国家地理:新冠病毒和洗手文化(4)(在线收听

This spring, as COVID-19 began spreading, people in Kaithi, as in so many other Indian villages, faced a disconcerting choice: They could wash their hands or they could keep their social distance, but it was hard to practice both methods of warding off the disease at the same time. "We are not allowing too many people to crowd around the taps and trying to wash our hands as much as possible," Kaithi resident Mangal Singh told me by phone after the lockdown began.

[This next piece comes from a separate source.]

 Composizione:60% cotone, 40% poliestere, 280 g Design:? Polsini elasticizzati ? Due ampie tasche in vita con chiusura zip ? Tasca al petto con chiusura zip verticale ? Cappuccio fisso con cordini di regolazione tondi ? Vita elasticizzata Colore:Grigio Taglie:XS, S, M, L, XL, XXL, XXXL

2020年春天,当COVID-19开始扩散时,凯提村村民和其他许多印度村庄的居民一样,面临尴尬的选择:他们可以选择洗手或是保持社交距离,但要同时实践这两种方法来预防疾病是很困难的。“我们不允许太多人聚集在水龙头边尽情洗手。”封城之后,凯提村村民芒格尔·辛在电话中这样告诉我。

Like many Indian villages, Kaithi has a colony at one end inhabited only by lower-caste Dalits. There, some 400 people share a single tap. And many people in the region don't have access to any nearby water source, says Kesar Singh, convener of the Bundelkhand Water Forum, a local nonprofit. Women in such villages often travel more than a mile and stand in a long line to fetch water.

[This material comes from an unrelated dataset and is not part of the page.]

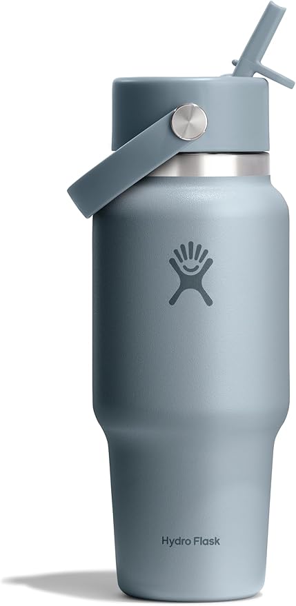 Hydro Flask Travel Water Bottle - Insulated Stainless Steel - Wide Straw Lid, Non Spill, Leakproof in 24 Oz Shale Gray

如同印度许多村庄,凯提村有个区域,只有最低种姓阶层的达利特人居住。在那里,大约400个人共用一个水龙头。而且该地区有许多人附近都没有任何水源可使用,邦德尔肯的水论坛召集人凯萨·辛说。这些村里的妇女经常得走超过1.5公里的路程、排很长的队伍才能取水。

"To expect that people in this poverty-stricken, water-deficient region will prioritize handwashing over daily living is nothing short of a cruel joke," Singh says.

“在这个贫困又缺水的地区,期待民众会把洗手放在比日常生活更重要的位置,简直是个残酷的笑话。”辛说。